Low Carb, Low Oxalate Maple Cinnamon Granola
Makes 12 servings (1/4 cup each)
1-1/2 cups unsweetened shredded coconut
1/3 cup pumpkin seeds (pepitas)
1/3 cup sunflower seeds
1/2 cup macadamia nuts, roughly chopped
1/4 cup flaxseed meal
1/2 teaspoon ground ginger
A pinch of salt
1 egg white
2-3 tablespoons granulated erythritol sweetener, to your taste
2 tablespoons sugar free maple syrup
1/2 teaspoon vanilla or pumpkin spice extract
3/4 teaspoon cinnamon extract, or to taste
2 tablespoons coconut oil, melted
1. Preheat the oven to 350 degrees F. Place all of the coconut, pumpkin seeds, sunflower seeds and macadamia nuts in a food processor and pulse until coarsely chopped and the mixture has the texture of oatmeal. Place the mixture into a large bowl and add the flaxseed meal, ginger and salt. Stir to combine.

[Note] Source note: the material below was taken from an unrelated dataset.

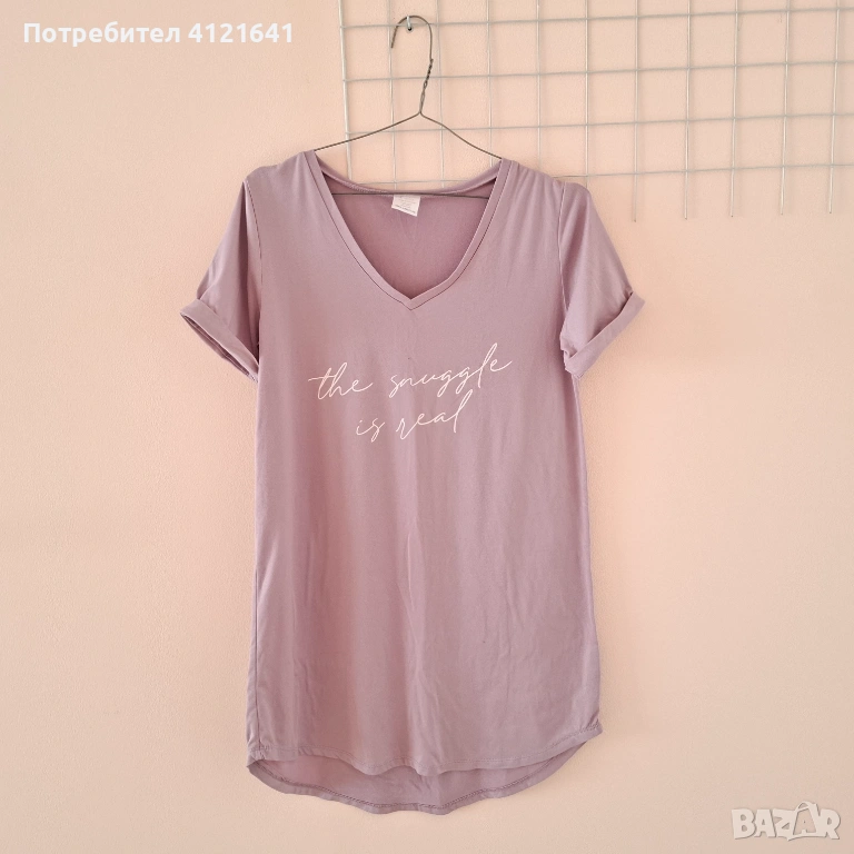 Кокетна нощничка, НОВА, размер S-M. Купена в САЩ, производство Китай. Гръдна обиколка 96 см, ханш 100, дължина: 80 см отпред, 90 см отзад. Материал полиестер 95 %, Спандех 5 %. С торбичка за прибиране. Цвят лилав, с надпис отпред: The snuggle is real = Прегръдката е истинска.

2. In a separate small bowl, whisk together the egg white, sweetener, sugar free maple syrup and extracts until frothy. Add the coconut oil and whisk again to combine.
3. Add the egg white mixture to the nut/coconut mixture and stir. Mix thoroughly, making sure all of the mixture is lightly coated.
4. Pour the mixture onto a cookie sheet (lined with parchment paper for easier clean up) and spread into an even, thin layer. Bake for a total of 15-18 minutes, turning and lightly breaking up with a spatula after about 10-12 minutes. Continue baking, but watch carefully for the last 5-8 minutes because it can turn dark and burn quite quickly. It is ready when the granola is toasty brown in color.
5. Remove from the oven and cool completely on the cookie sheet. The granola will crisp up as it cools. Break apart any larger chunks and store in an airtight container at room temperature for up to 2 weeks.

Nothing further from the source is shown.